_What you will do_. Below are lines of records; copy exactly those from the one containing "波司登男装衬衫 男短袖衬衣条纹衬衫男半截袖英伦海军风衬衫上衣" through the one containing "진주익룡발자국전시관에서 백악기 최강", leaving the pictures behind.

──────────────────────────────

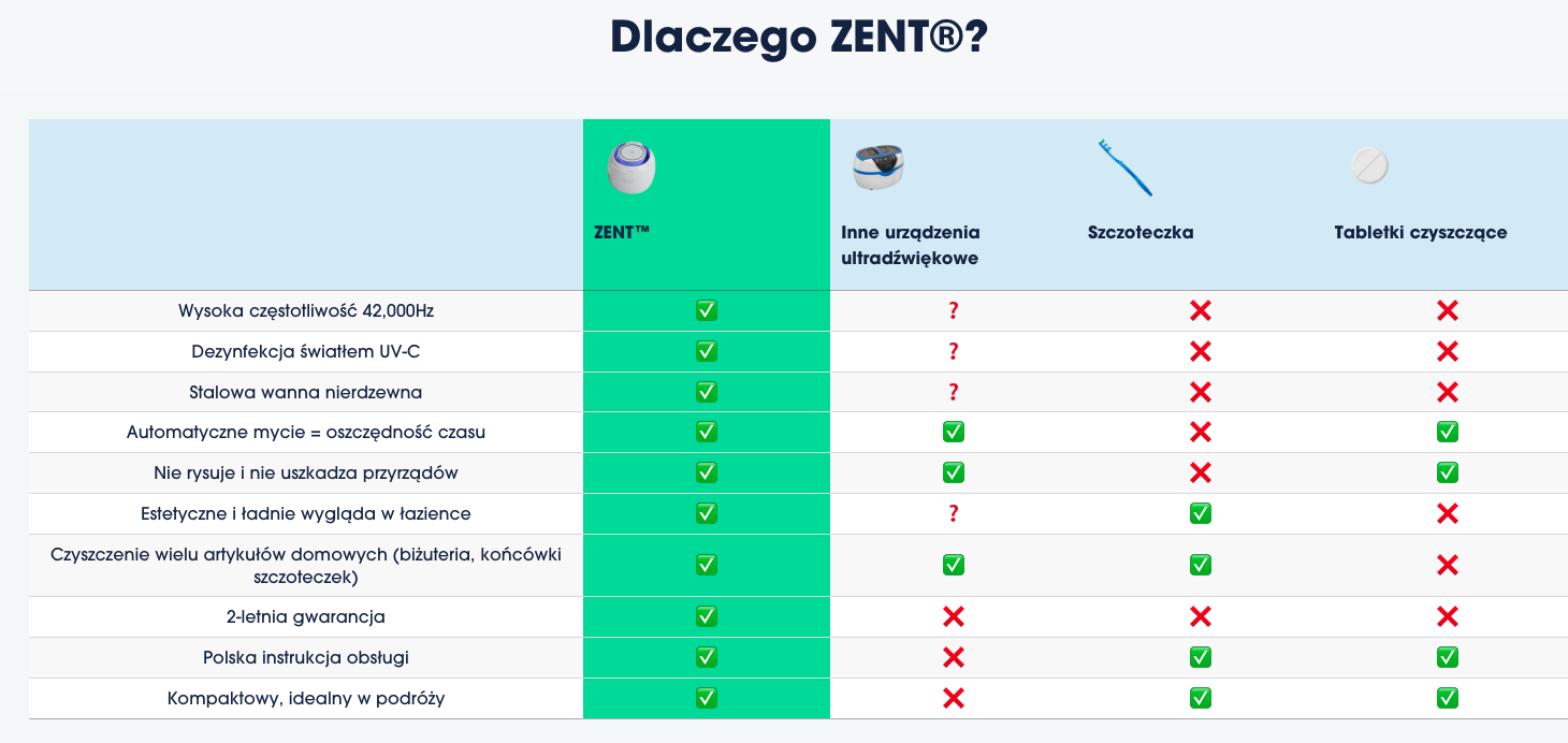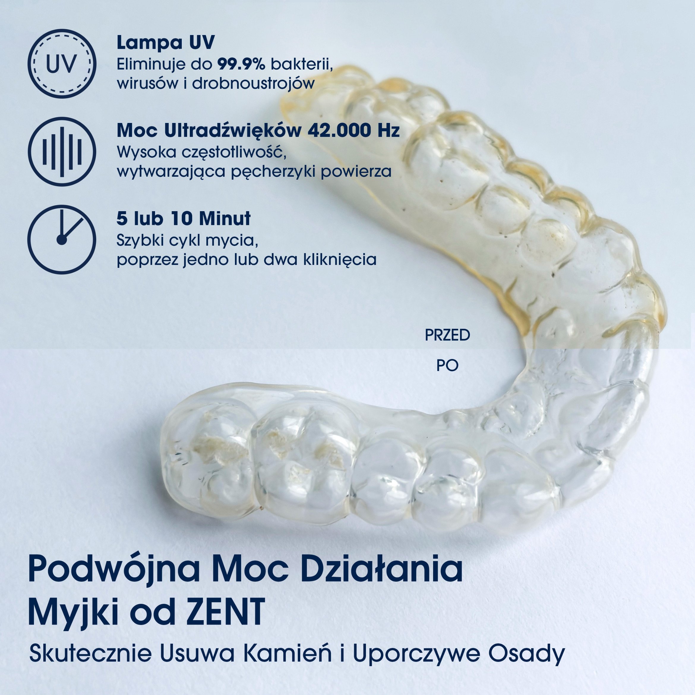Zent™ Ultrasonic Cleaner to zaawansowana myjka ultradźwiękowa wyposażona w lampę UV, która skutecznie eliminuje zarazki, wirusy, bakterie i inne drobnoustroje.
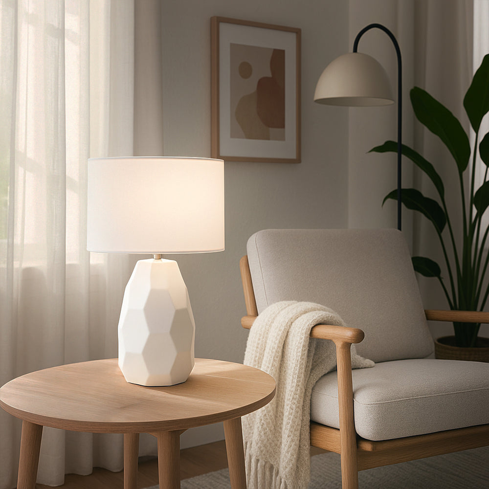 Elevate your living space with the sophisticated silhouette of the Jane Table Lamp from Urban Style. Featuring a crisp clean white ceramic base with a sculptural, faceted design and paired with a matching fabric drum shade, Jane is the ideal statement piece for modern interiors.
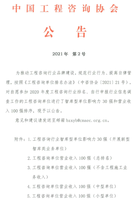 近日,中國工程咨詢協(xié)會和中國建設工程造價管理協(xié)會分別發(fā)布了《工程咨詢單位營業(yè)收入100強(中型單位)》和《關于2021年第三批工程造價咨詢企業(yè)信用評價結果》,其中,鼎正工程咨詢股份有限公司榮獲AAA等級信用評價,并在上述百強排名中位列第68:
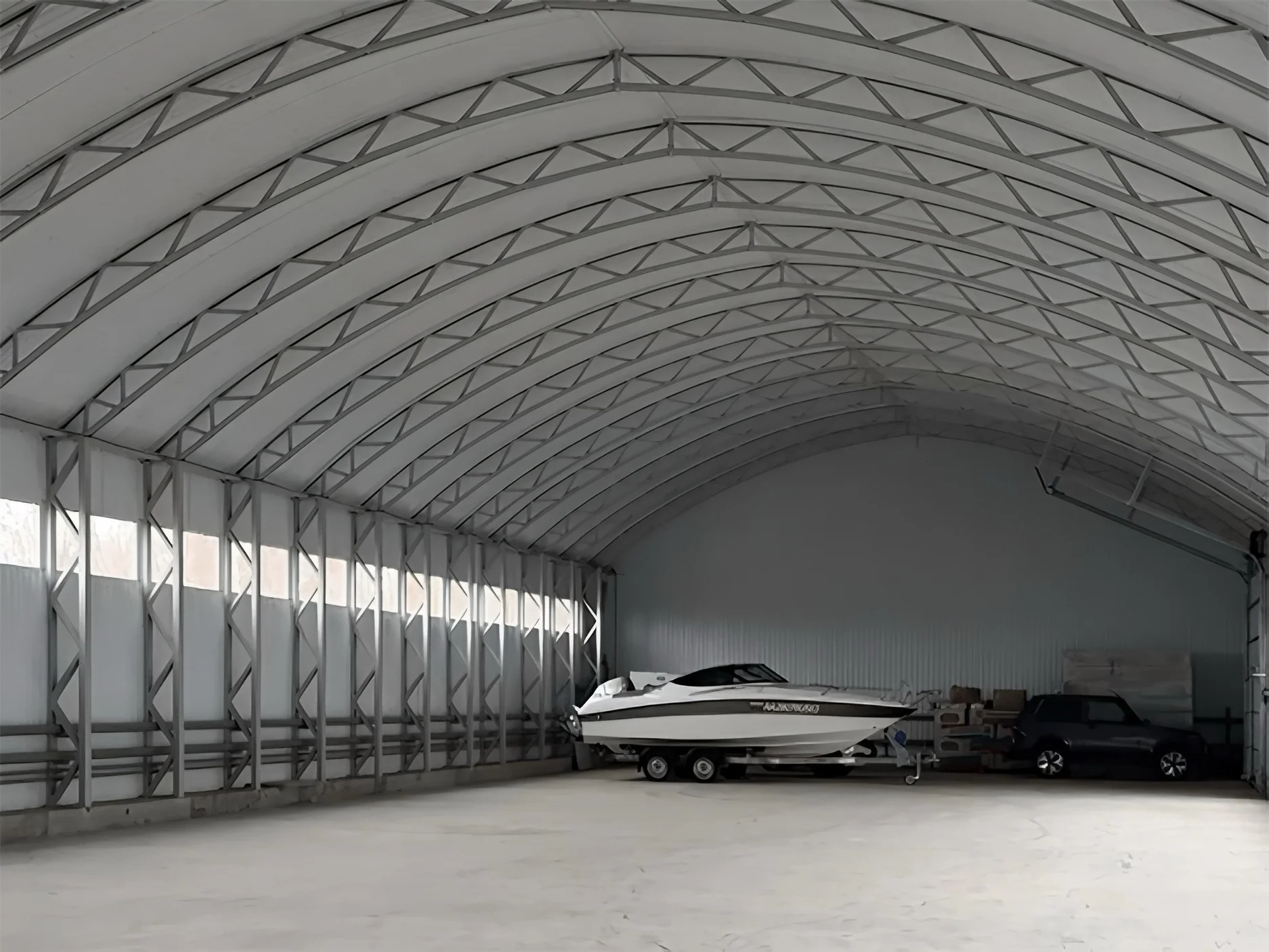 Прямостенный ангар с арочной крышей изнутри
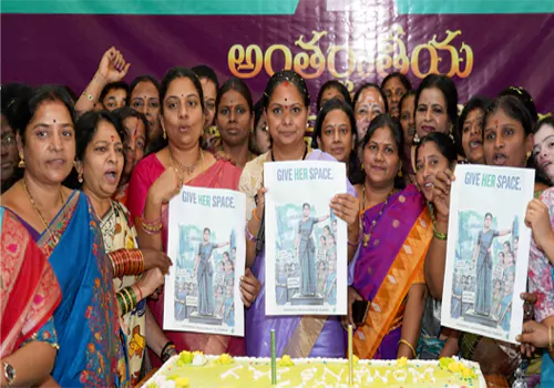 హైదరాబాద్లోని తెలంగాణ జాగృతి అంతర్జాతీయ మహిళా దినోత్సవ వేడుకలు ఘనంగా జరిగాయి. జాగృతి అధ్యక్షురాలు కల్వకుంట్ల కవిత కేక్ కట్ చేసి మహిళలకు శుభాక్షలు తెలిపారు. అనంతరం గివ్ హర్ స్పేస్ పోస్టర్ ఆవిష్కరించారు. సీఎం రేవంత్ రెడ్డి “స్టాండ్ విత్ హర్” అనే ప్రొగ్రామ్ మహిళలను అవమానించారని కవిత. మగవాళ్లు ఉంటేనే మహిళలు ముందుకు వెళ్తారని కార్యక్రమం చేయడాన్ని ఖండిస్తున్నామని. స్టాండ్ విత్ హర్” కాదు. “గివ్ హర్ స్పేస్” అనేది జాగృతి నినాదమని కవిత చెప్పారు.
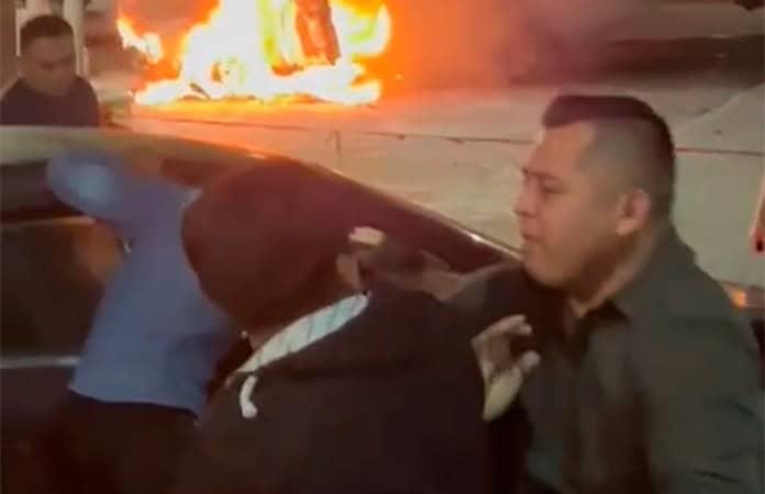 En el centro de la localidad una camioneta se quemaba por un cortocircuito y un grupo de jóvenes pasaba en un coche, a baja velocidad por el lugar.
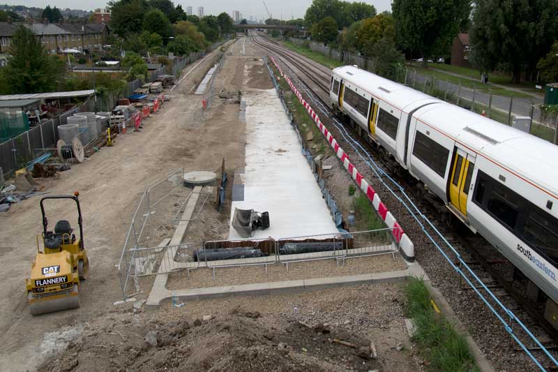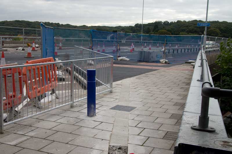 Up on the Harrow Manorway viaduct the pedestrian crossing is nearing completion.
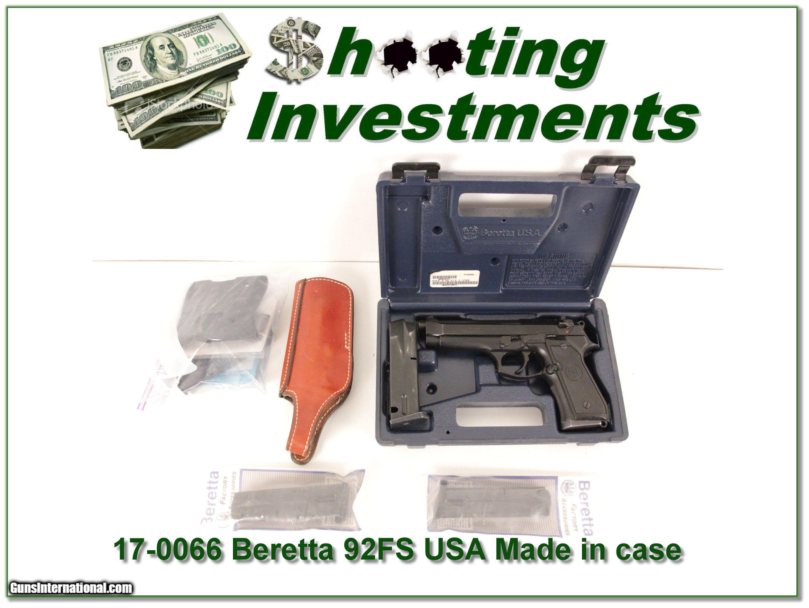 Description: This is a USA Made Beretta 92FS in case. It is nice with some use as seen. It comes with 5 Magazines, a second set or grips and leather holster. I am selling this on consignment; as such, lay-a-way can’t be used. It does of course have the standard 3 day inspection. Shipping and insurance is $29 or $19 more if you want it shipped in a new Plano hard case. Please email me with any questions or larger pictures. (I now consign quality firearms only 10%! Let me know if you have any you would like to sell!) [17-0066] Payment: Payment is by Money Order, Cashiers Check or Personal Check. I can now also accept MasterCard and Visa with a 3% convenience fee. PayPal can be used for some items but never firearms. Please let us know if you would like to pay via PayPal. Shipping: The shipping charge will be listed in each description. It is $39 for most long guns and $29 for most handguns. Some heavy guns or those insured for over $2000 will be higher. Shipments to Alaska and Hawaii are higher because air shipment is required. Most firearms are shipped on Tuesday and Thursday and usually in 5 days of receipt of payment. We package all shipments carefully and insure them. For long guns you can purchase a new Plano case for $19. They now cost us $22 when buying 100 at a time. Optics are shipped Priority Mail and most other non-firearm shipments are shipped First Class. Returns: Our return policy is simple. If for any reason you are not pleased with your purchase, you may return your item for a full refund of purchase price. Ammunition cannot be returned. It is important to us that you are happy. Guns cannot be fired or dissembled before returning them and they must be returned in the same condition as received. Notification of a return must occur with-in 3 days of receipt at your dealer. Shipping, convenience and dealer fees are not refundable and are the responsibility of the buyer. Lay-a-way: If needed, we offer a 60 day lay-a-way option on most firearms. It is 1/3 now, 1/3 in 30 days and 1/3 in 60 days. Lay-a-way firearm sales are final and if not completed the first payment cannot be returned. Consigning your firearms with Shooting Investments: We will help you get top dollar for your firearms. While most local guns shops charge 20% or more, our fee is only 10% with a minimum of $75. At your local gun shop it might take months to sell. Selling on-line provides instant access to thousands of interested buyers. You won’t find any other on-line dealer willing to sell your firearms for only 10% or listing every gun on 3 separate s. Selling through an House typically costs the seller 15% and the buyer an addition 15% (so 30%) and you have to wait several months to sell and longer to receive funds. If properly priced, we will sell your firearms in a few weeks. Send us an email or give us a call and we’ll explain how easy it is for you to get top dollar. Trading: Trading for use is really just buying your gun to re-sell. If you have a gun you want to trade, please email a picture and we will let you know what we can give or it. You will always get more if we sell it for you on consignment. Help for California Buyers: We are happy to ship to California. It is the buyer’s responsibility to make sure any item you buy is legal in your state. We are also happy to help with your purchase of a firearm from someone other than us. If you see a gun you would like to buy but the seller can’t or won’t ship to California they can ship to use and we’ll then ship it to your California dealer. The cost for this service is only $30 + shipping. Let us know if we can help! SOLD |
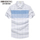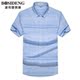 波司登男装衬衫 男短袖衬衣条纹衬衫男半截袖英伦海军风衬衫上衣
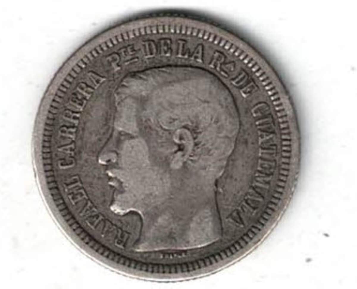The obverse features the bust of Rafael Carrera. The reverse features the coat of arms with value and date at bottom.
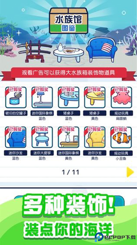 【个性化装饰】提供多种装饰品,玩家可以自由组合,打造独特的水族馆。
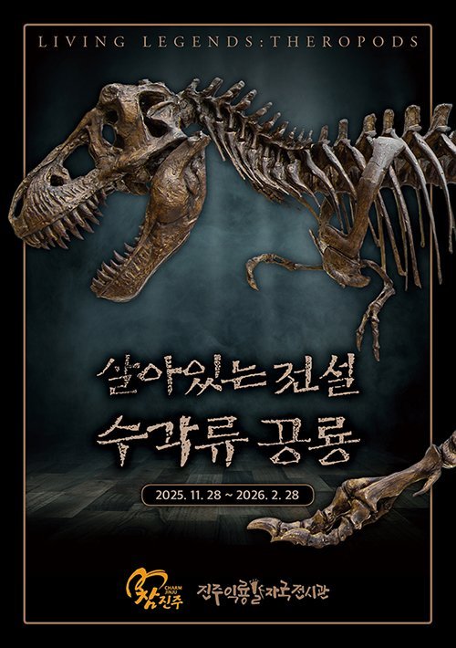 진주익룡발자국전시관에서 백악기 최강 포식자로 알려진 티라노사우루스를 만나볼 수 있는 특별한 기획전이 시작됐다. '살아있는 전설, 수각류 공룡'이라는 주제로 열리는 이번 전시에서는 티라노사우...
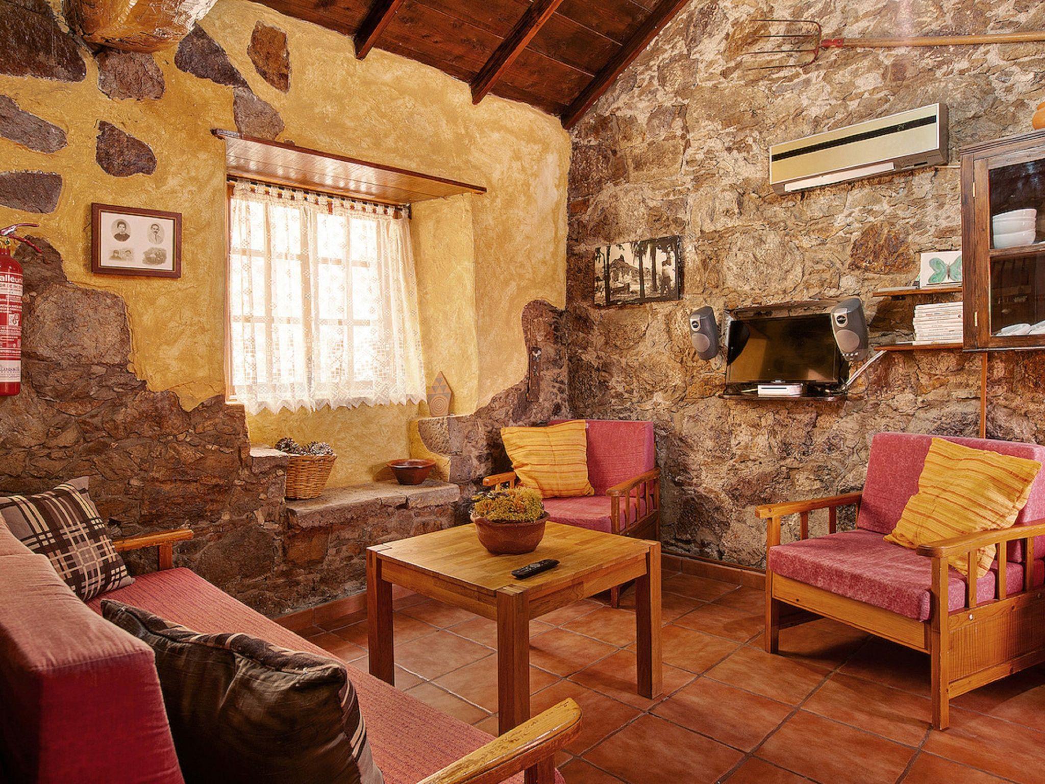 Traditional Canarian country house, restored, over 250 years old, made of stone with wooden floors, maintaining the original structure and materials of its construction. Its furniture has been preserved and restored without discarding the enjoyment and comfort of today's advances, incorporating electrical appliances and other elements that make the stay comfortable. In its two patios you can enjoy starry nights while having ample space for barbecues, enjoying the sun or children playing. (free wifi - wii video console) It is very easy to get to know the whole island, starting from the area, from the Pepita house, roads and paths lead to all directions of the Island, in short, the very center of Gran Canaria. In short, the Pepita la de las Flores rural house, the first rural house in the entire municipality of Tejeda, is well known by the older people of the place as it was the first shop in the area, after Juan, Pepita's husband, arrived from Cuba with some money and they were able to start this small business. Our rural house has spacious rooms with views of the spectacular landscape, a fully equipped kitchen and a variety of modern services that will liven up your stay. Enjoying a weekend or a relaxing holiday has never been so easy and affordable. All services are included in the price Capacity 6 people 1 double bedroom 1 bedroom with two single beds 1 extra double bed Kitchen-dining room-living room Bathroom Terrace Parking Pets allowed Terrace area1 55 m2 Terrace area2 15 m2 Property area 800 m2 Equipment Bedrooms: bed linen and cot. Kitchen: kitchenware, electric oven, mixer, coffee maker, kettle, microwave, toaster, etc. Multimedia TV with more than 7500 songs of all kinds, music, videos of the Canary Islands and the area, information on trails, nature, biodiversity, restaurants, etc. Wii console, free WiFi Bathroom: sink, shower, washing machine, dryer, hair dryer and iron for clothes. Terrace and garden: barbecue, sun loungers, outdoor tables and chairs. Heating throughout the house.
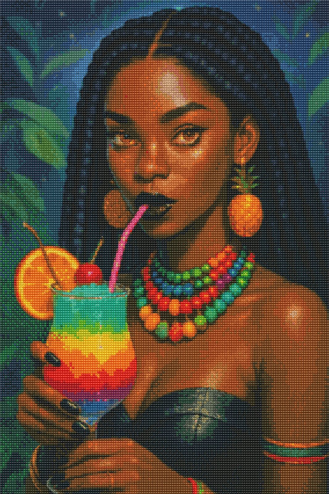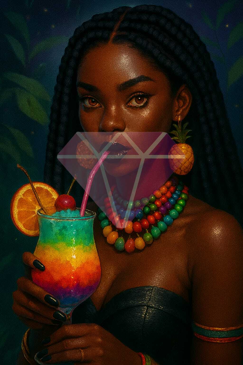 Uma celebração vibrante da força feminina envolta em cores tropicais. Esta imagem apresenta uma mulher majestosa adornada com elementos exóticos — flores tropicais, folhas exuberantes e tons quentes que evocam o pôr do sol numa ilha paradisíaca. O seu olhar transmite confiança e serenidade, como uma rainha que reina sobre um mundo de natureza selvagem e beleza intensa. “Tropical Queen” é uma ode à feminilidade poderosa, à liberdade e ao espírito vibrante das terras tropicais.

──────────────────────────────

_Answer to this problem_.
 波司登男装衬衫 男短袖衬衣条纹衬衫男半截袖英伦海军风衬衫上衣
The obverse features the bust of Rafael Carrera. The reverse features the coat of arms with value and date at bottom.
 【个性化装饰】提供多种装饰品,玩家可以自由组合,打造独特的水族馆。
 진주익룡발자국전시관에서 백악기 최강 포식자로 알려진 티라노사우루스를 만나볼 수 있는 특별한 기획전이 시작됐다. '살아있는 전설, 수각류 공룡'이라는 주제로 열리는 이번 전시에서는 티라노사우...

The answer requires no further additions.